A tough pill to swallow
Why the silence about studies that show a link between oral contraceptives and cancer?
What’s the difference between taking hormones for menopause and taking hormones as a contraceptive? If you’re the Canadian Cancer Society, you’ll warn of the cancer risks of one, but not the other. For more than a year, the society has cautioned women that hormone replacement therapy – a treatment of estrogen and progestin, used to curb symptoms of menopause – increases their risk of breast cancer. But while growing numbers of experts suspect that birth control pills – which also contain estrogen and progestin – pose similar cancer risks, the CCS is silent on that product’s dangers, leading some to question whether the CCS is allowing politics to influence the way it treats matters of public health.
In 2004, when the CCS added HRT, in use for decades, to its list of possible causes of breast cancer, it seemed not only reasonable, but urgent, to do so. That year, a U.S. study into HRT was forced to a premature halt when researchers found the cancer risks of HRT for the female subjects outweighed the benefits of continuing the trial.
But the society has been taking a go-slow approach when it comes to gauging the potential risks of a close cousin of HRT, the pill, which has been used at some point by 84 per cent of Canadian women. Several doctors say there’s little difference between the two – except that the pill is riskier. “HRT is different from the pill in that HRT is actually much safer,” says Dr. Stanislaw Iwanicki, who has practised obstetrics and gynecology in Calgary for 20 years. The dose of estrogen, a carcinogen, is about three to five times higher in the pill than in HRT, he notes. And women often take the pill over longer periods of time and at a younger age.

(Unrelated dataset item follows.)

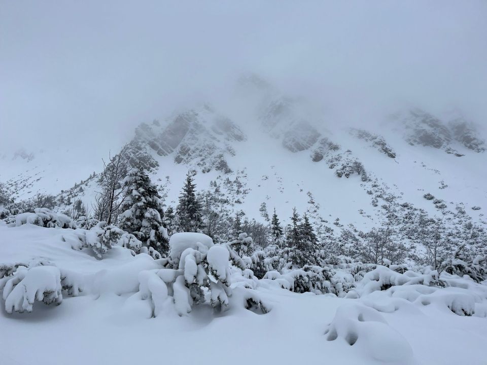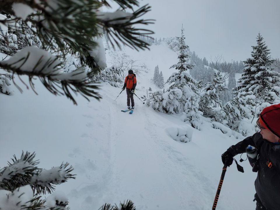 Weg durch Latschen nach dem Wald nicht einfach, (zu wenig Schnee). Aufsteilung nach den Latschen kritisch zu beurteilen imnSchneefall und Nebel. War uns zu heikel daher Abbruch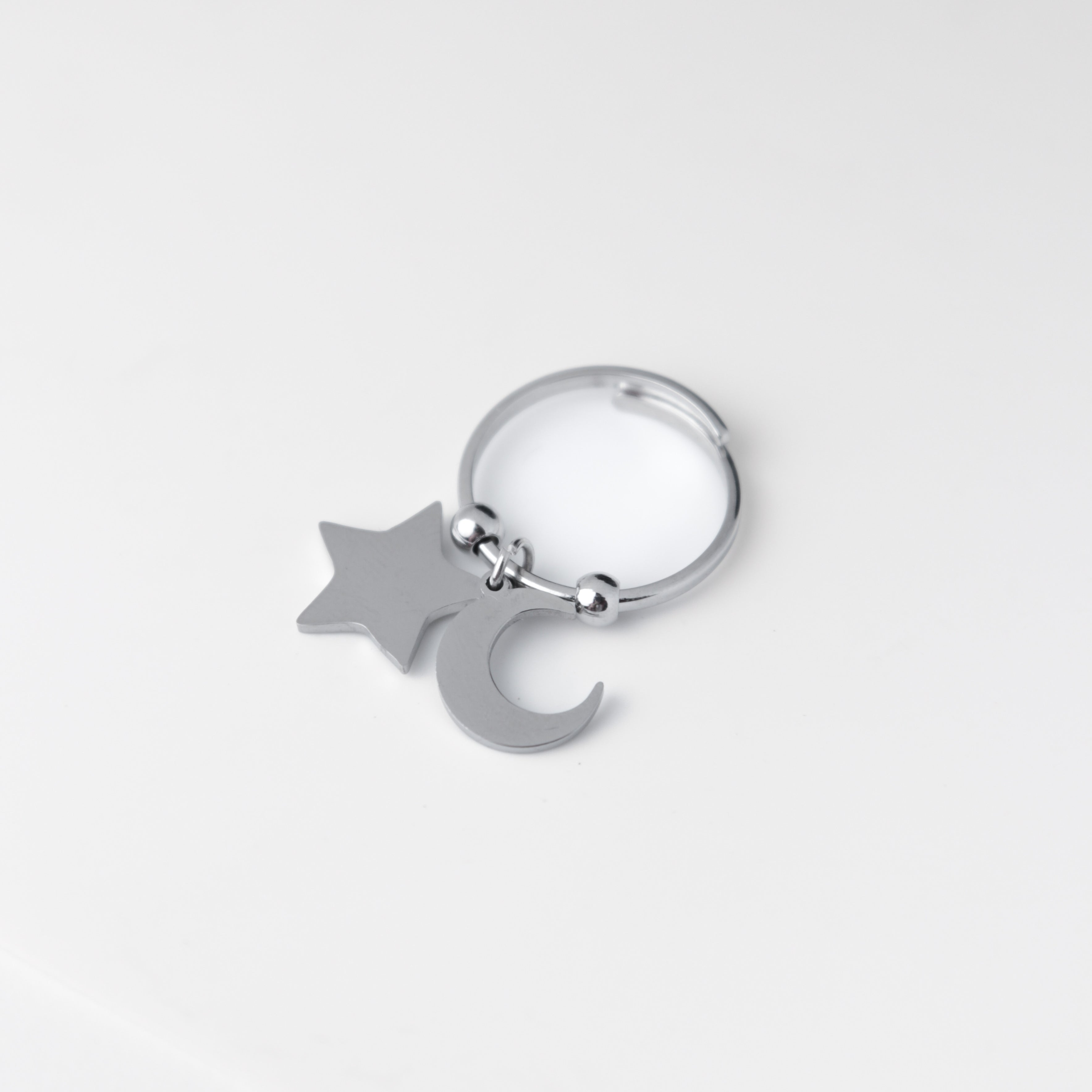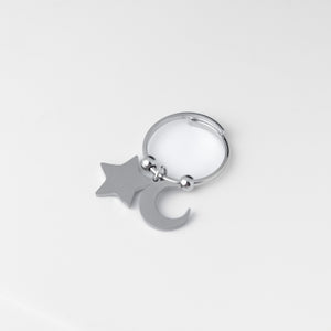 Realizzato in acciaio inossidabile di alta qualità, questo anello combina una stella e una luna pendenti, creando un design unico e affascinante che cattura l'essenza del cielo notturno.

Heather Logan, director of cancer control policy at the Canadian Cancer Society, says she’s not aware of any conclusive study proving the pill causes cancer, so the group makes no comment. “What I can comment on is that we are aware that there is a need to really look at the literature and we will be doing that in the coming months,” she says. Of the $21 million the CCS spent on breast cancer research between 2001 and 2006, none was allotted to probing the cancer risks of oral contraceptives.
Still, other studies raise worrying questions. Dr. Chris Kahlenborn, a Pennsylvania internist and author of Breast Cancer: Its Link to Abortion and the Birth Control Pill, says there are more than 18 studies – from such groups as the National Cancer Institute and the World Health Organization – that suggest the pill increases cancer risk.
As recently as July, the WHO’s International Agency for Research on Cancer released study results showing that both HRT and hormone-based oral contraceptives were “carcinogenic.” But, Kahlenborn says, in an era when the pill is seen as a liberator for women and sexuality in general, the subject is threatening. When Kahlenborn was asked to testify before the Food and Drug Administration in 2000, many people at the hearing refused to listen to him. “One woman walked out before I even started my talk,” Kahlenborn says. “And the rest of them just put their heads down.”
U.S. journalist Barbara Seaman has covered hormones since the 1960s, authoring books including 2003’s The Greatest Experiment Ever Performed on Women, which cited evidence that the birth control pill poses manifold health risks. Seaman noted that Dr. Edward Charles Dodds, who invented synthetic estrogen in 1938, cautioned that it should be used only when necessary (say, for young girls born without ovaries and thus lacking estrogen). “It stimulates cells to grow faster, which is not always a good idea,” he warned. “If you take too much for too long, you may get cancer.”
Nearly 70 years later, Kahlenborn worries that the refusal of cancer groups – and not just in Canada – to warn women about the pill’s risks is endangering lives. “For the last 40 years, doctors said hormone replacement is safe,” he says. “In the last five years or so, they said, ‘Uh-oh, we made a big boo-boo.’ And I think they are going to do that with the pill in the next 10 years.” If that happens, women will want to know what took them so long.
This article first appeared in the Jan. 30 edition of The Western Standard. It is reprinted with permission.